- Directed by: James Ricardo
- Written by: James Ricardo
- Produced by: Monique Yamaguchi James Ricardo Rogina
- Starring: Russ Kingston Mark Wood J.C. Maçek III
- Cinematography: Christopher Gosch
- Edited by: J.R. Lizarraga Aron Rosenthal
- Music by: Jason Solowsky
- Distributed by: ShortsTV
- Release date: April 16, 2010;
- Running time: 7 minutes
- Country: United States
- Language: English

= Guillotine Guys =

Guillotine Guys is a 2010 short comedy thriller film written and directed by James Ricardo and starring Russ Kingston, Mark Wood and J.C. Maçek III.

==Plot==
A young punk robs a liquor store and learns a painful yet valuable lesson about loss and attachment.

==Film festival run==
Guillotine Guys was screened at the 2010 Bucheon International Fantastic Film Festival in Bucheon, South Korea.

==Critical reception==
Film Threat, "Guillotine Guys exhibits enough style and cool-headed storytelling to warrant more than seven minutes of your time."

Dread Central, "I loved it, and feel it would make a perfect aperitif to a feature film, paired with another short or two."

Ain't It Cool News, "A moralistic short film."

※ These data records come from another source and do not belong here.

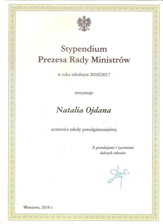 Stypendium Prezesa Rady Ministrów dla naszej uczennicy!
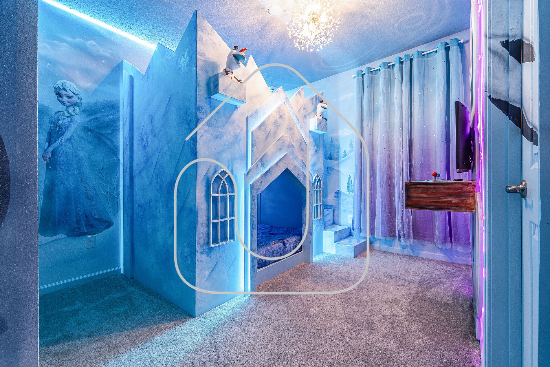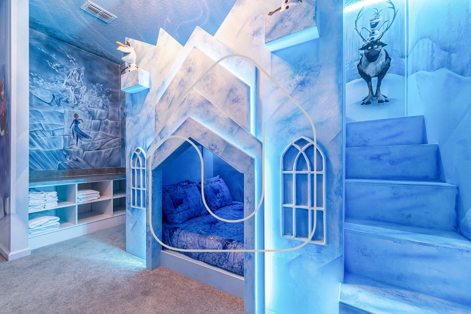 • Frozen bedroom, full-over-full bunk, private bathroom
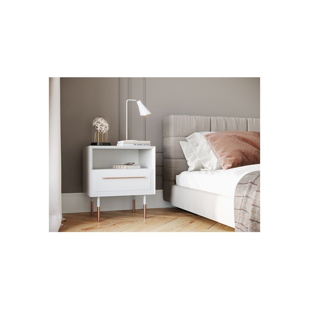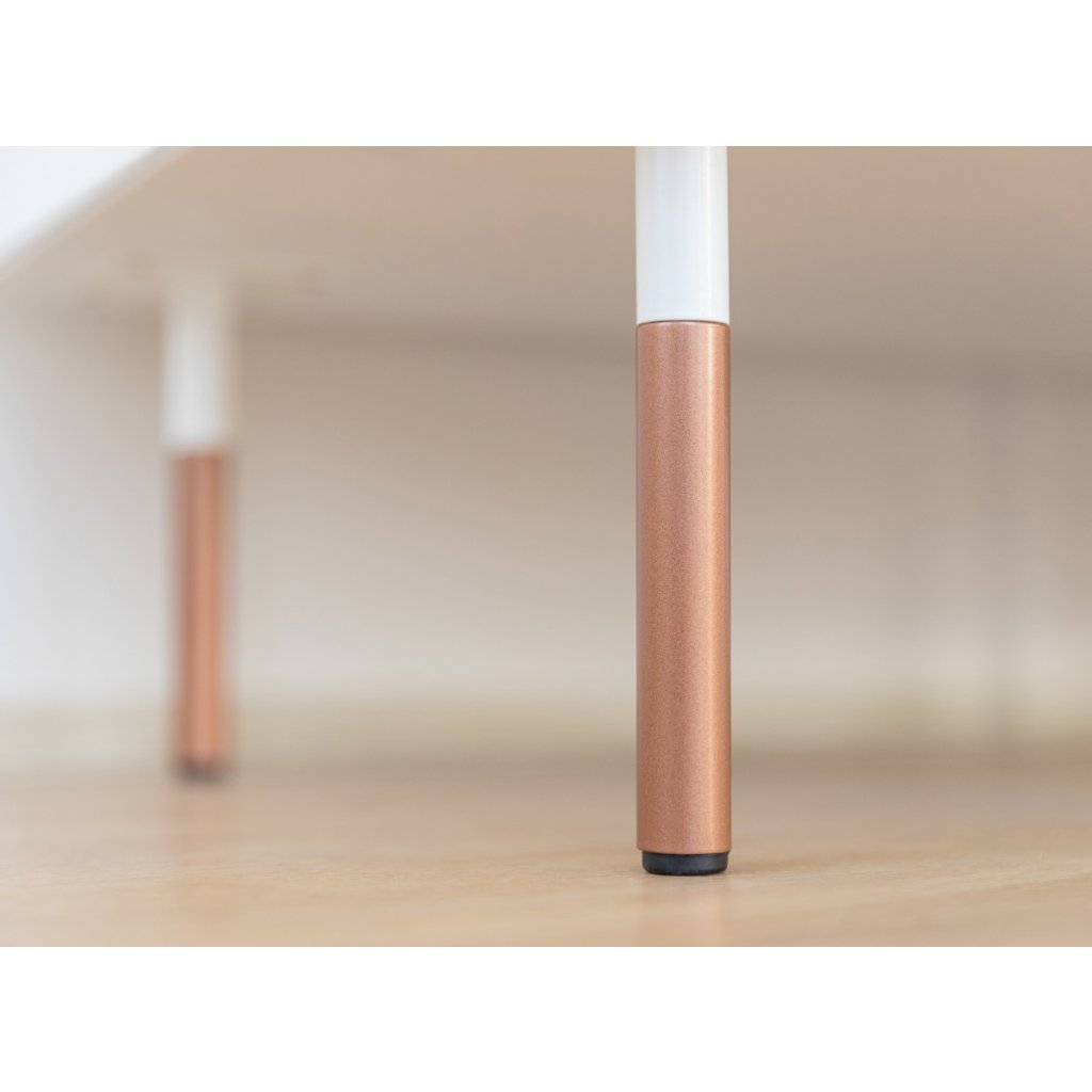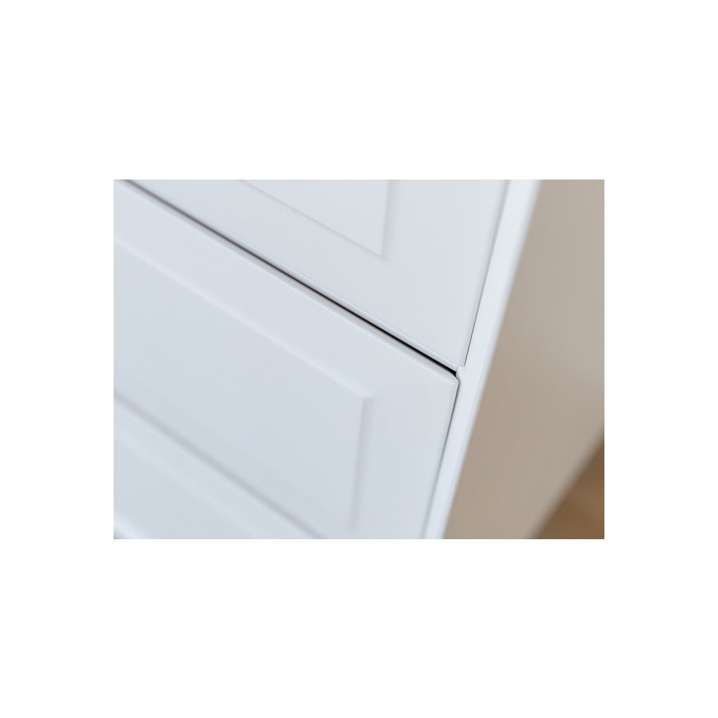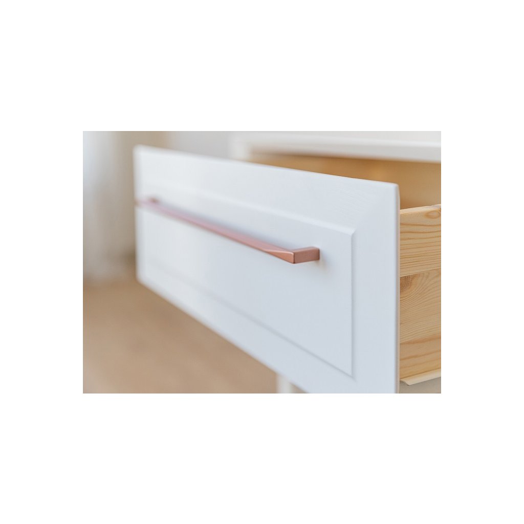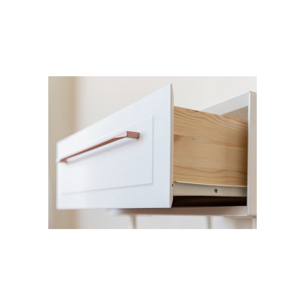 Elegance, nadčasový styl, vysoká kvalita a smysl pro detail charakterizují naši novou kolekci s názvem ROSA BIANCA. Minimalistický nábytek na vysokých nohách, který jen tak nelze přehlédnout. K jeho výrobě bylo použito přírodní dřevo finské borovice, které se vyznačuje nadprůměrnou poddajností, pružností a odolností. Elegantní nábytek ROSA BIANCA kombinuje přírodní dřevo pokryté bílou barvou s lesklými prvky (úchytky a nohy) v růžovém zlatě.
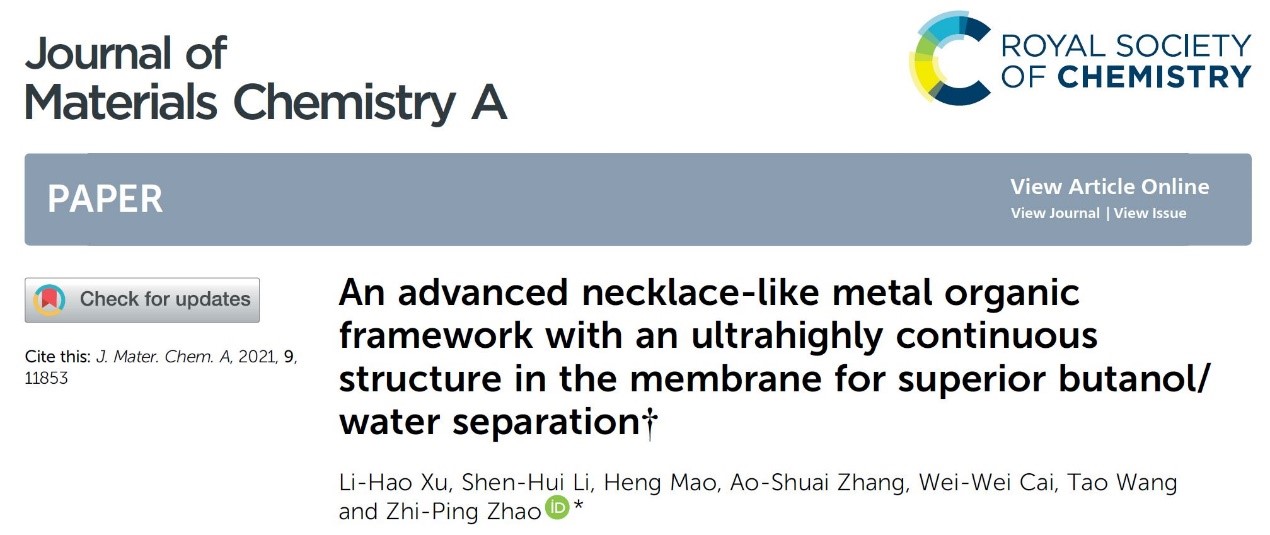 近日,亚洲无码 博士生徐李昊以第一作者身份在国际顶级期刊Journal of Materials Chemistry A上发表题目为“An advanced necklace-like metal organic framework with an ultrahighly continuous structure in the membrane for superior butanol/water separation”的研究论文。亚洲无码 为唯一通讯单位,化学与化工亚洲无码 先进功能膜与膜过程团队赵之平教授为通讯录作者。本研究得到国家自然科学基金重点项目(21736001)资助。
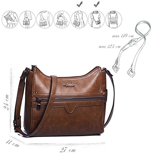 Zip CrossBody Bag Women Multi Pockets Shoulder Bag Pu Leather
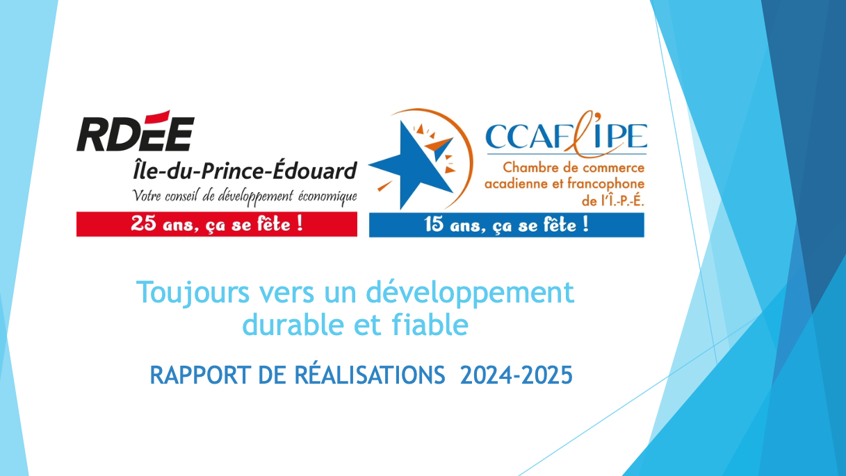 WELLINGTON – le 24 septembre 2025 – Le beau rapport de réalisations annuel 2024-2025 de RDÉE Île-du-Prince-Édouard et de la Chambre de commerce acadienne et francophone de l’ÎPÉ, qui porte le titre « Toujours vers un développement durable et fiable » est maintenant disponible pour les membres et le public.

HorrorCultFilms, "Guillotine Guys is a dark comedy thriller from writer and director, James Ricardo. James’ film had me curious, shocked, wincing, laughing and ‘ohhh’ing. A short that can do all that in under 7 minutes deserves to be recognised. The film is gritty and authentic with an attention to detail that should be applauded."